━━━ RAW DATA ━━━

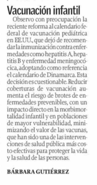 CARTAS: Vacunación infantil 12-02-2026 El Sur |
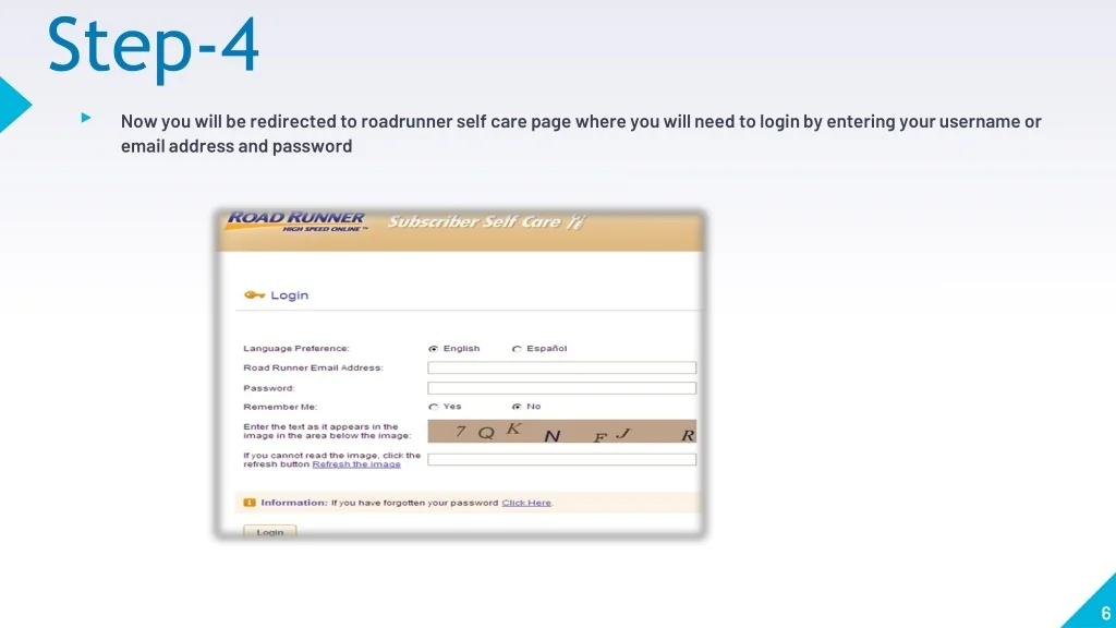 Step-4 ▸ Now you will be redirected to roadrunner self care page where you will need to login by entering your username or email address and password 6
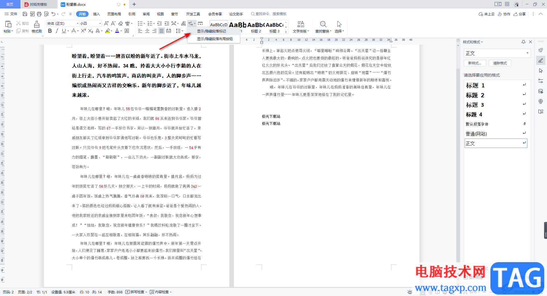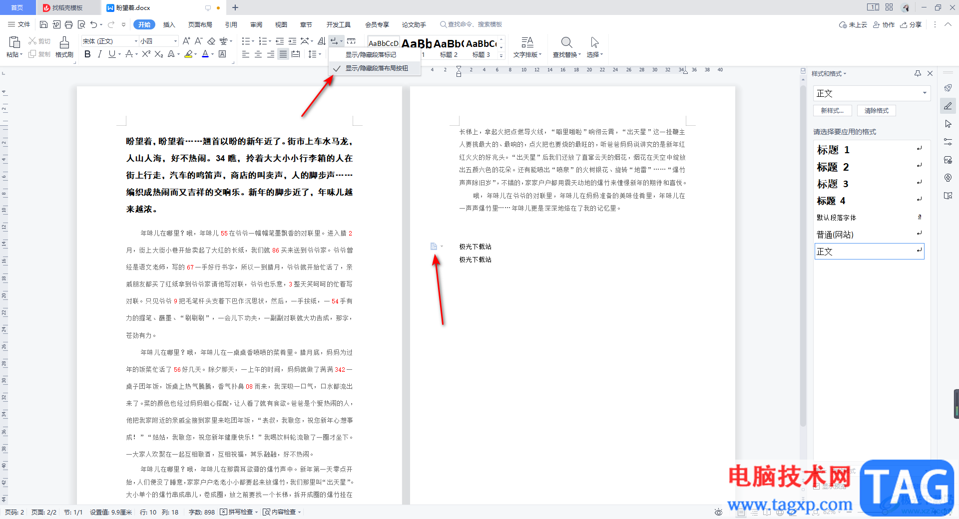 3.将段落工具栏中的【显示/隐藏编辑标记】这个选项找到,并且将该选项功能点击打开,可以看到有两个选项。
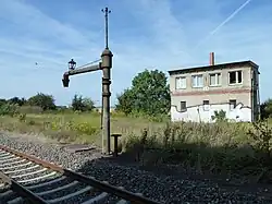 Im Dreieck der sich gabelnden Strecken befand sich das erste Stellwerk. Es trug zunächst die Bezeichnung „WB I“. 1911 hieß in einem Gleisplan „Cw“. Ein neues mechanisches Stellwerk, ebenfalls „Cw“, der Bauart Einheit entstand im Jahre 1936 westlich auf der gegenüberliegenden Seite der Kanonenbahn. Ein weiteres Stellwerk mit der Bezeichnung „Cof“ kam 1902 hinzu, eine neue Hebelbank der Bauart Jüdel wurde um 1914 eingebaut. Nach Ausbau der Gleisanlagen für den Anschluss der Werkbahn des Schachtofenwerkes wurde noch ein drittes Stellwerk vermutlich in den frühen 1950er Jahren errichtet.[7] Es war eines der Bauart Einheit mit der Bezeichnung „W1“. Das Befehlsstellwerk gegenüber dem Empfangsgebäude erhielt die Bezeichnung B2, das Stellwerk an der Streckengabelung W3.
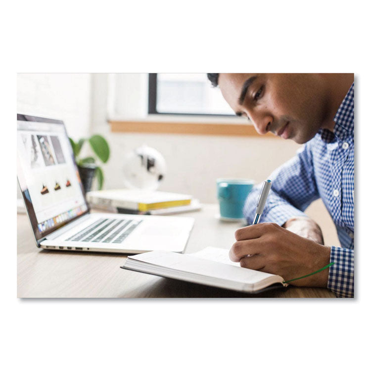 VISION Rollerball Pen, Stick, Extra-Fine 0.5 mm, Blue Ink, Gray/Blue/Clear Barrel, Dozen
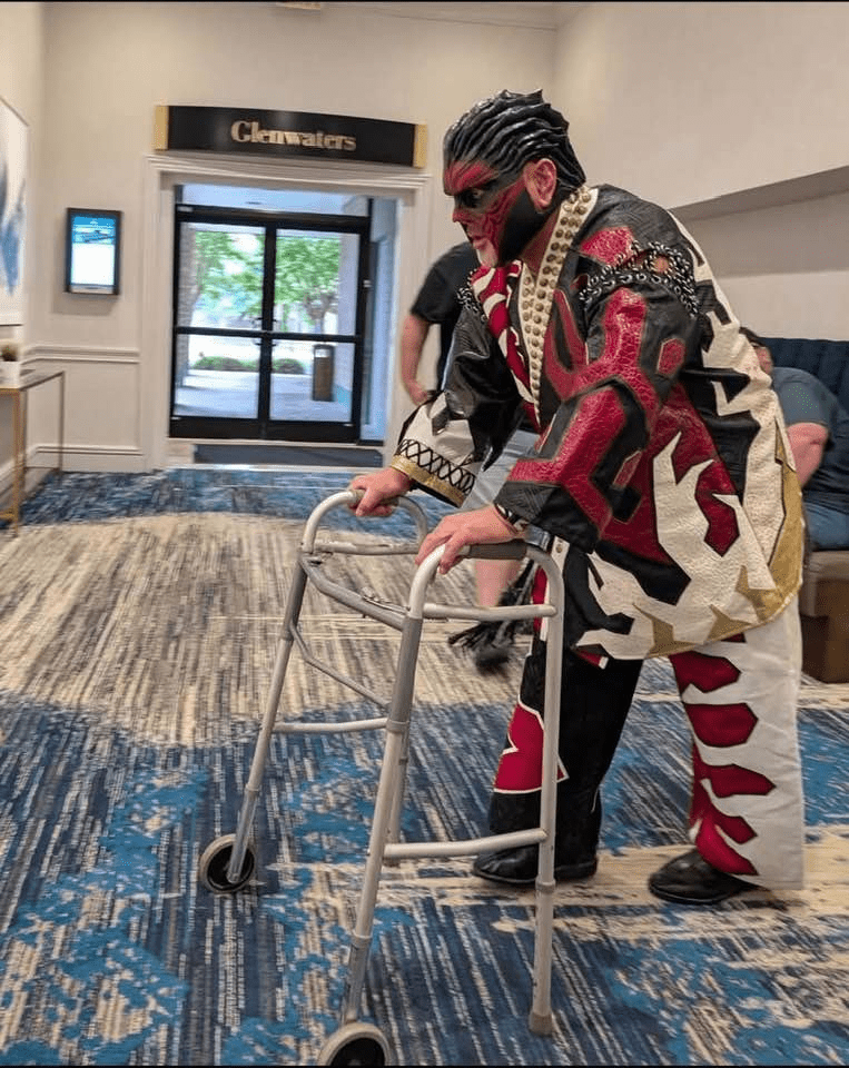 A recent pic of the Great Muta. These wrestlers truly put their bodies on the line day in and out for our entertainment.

━━━

> EXERCISE INSTRUCTIONS: Reproduce the data exactly, please, and omit its pictures.

> RESPONSE FOR THIS EXERCISE:
 CARTAS: Vacunación infantil 12-02-2026 El Sur |
 Step-4 ▸ Now you will be redirected to roadrunner self care page where you will need to login by entering your username or email address and password 6
 3.将段落工具栏中的【显示/隐藏编辑标记】这个选项找到,并且将该选项功能点击打开,可以看到有两个选项。
 Im Dreieck der sich gabelnden Strecken befand sich das erste Stellwerk. Es trug zunächst die Bezeichnung „WB I“. 1911 hieß in einem Gleisplan „Cw“. Ein neues mechanisches Stellwerk, ebenfalls „Cw“, der Bauart Einheit entstand im Jahre 1936 westlich auf der gegenüberliegenden Seite der Kanonenbahn. Ein weiteres Stellwerk mit der Bezeichnung „Cof“ kam 1902 hinzu, eine neue Hebelbank der Bauart Jüdel wurde um 1914 eingebaut. Nach Ausbau der Gleisanlagen für den Anschluss der Werkbahn des Schachtofenwerkes wurde noch ein drittes Stellwerk vermutlich in den frühen 1950er Jahren errichtet.[7] Es war eines der Bauart Einheit mit der Bezeichnung „W1“. Das Befehlsstellwerk gegenüber dem Empfangsgebäude erhielt die Bezeichnung B2, das Stellwerk an der Streckengabelung W3.
 VISION Rollerball Pen, Stick, Extra-Fine 0.5 mm, Blue Ink, Gray/Blue/Clear Barrel, Dozen
 A recent pic of the Great Muta. These wrestlers truly put their bodies on the line day in and out for our entertainment.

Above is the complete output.